GIVEN DATA —
-----

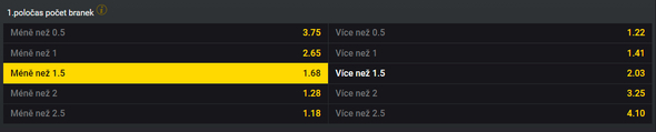 TIP: V první půli padne méně než 1,5 gólu v kurzu 1,68
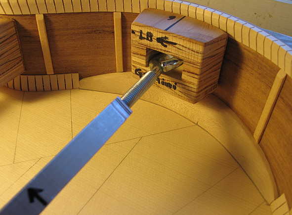 (1) When I got up today, the first thing I did was to sharpen my scraper (nothing like a nice, sharp scraper!!!). Then I carefully scraped the rosette down close to flush to the spruce.
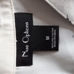 Nue Options White V-Neck Pleated Blouse With Bird Print *MED*

-----

DIRECTIONS FOR THIS TASK — Please repeat all of the data exactly, excluding images.

RESULT OF THIS TASK —
 TIP: V první půli padne méně než 1,5 gólu v kurzu 1,68
 (1) When I got up today, the first thing I did was to sharpen my scraper (nothing like a nice, sharp scraper!!!). Then I carefully scraped the rosette down close to flush to the spruce.
 Nue Options White V-Neck Pleated Blouse With Bird Print *MED*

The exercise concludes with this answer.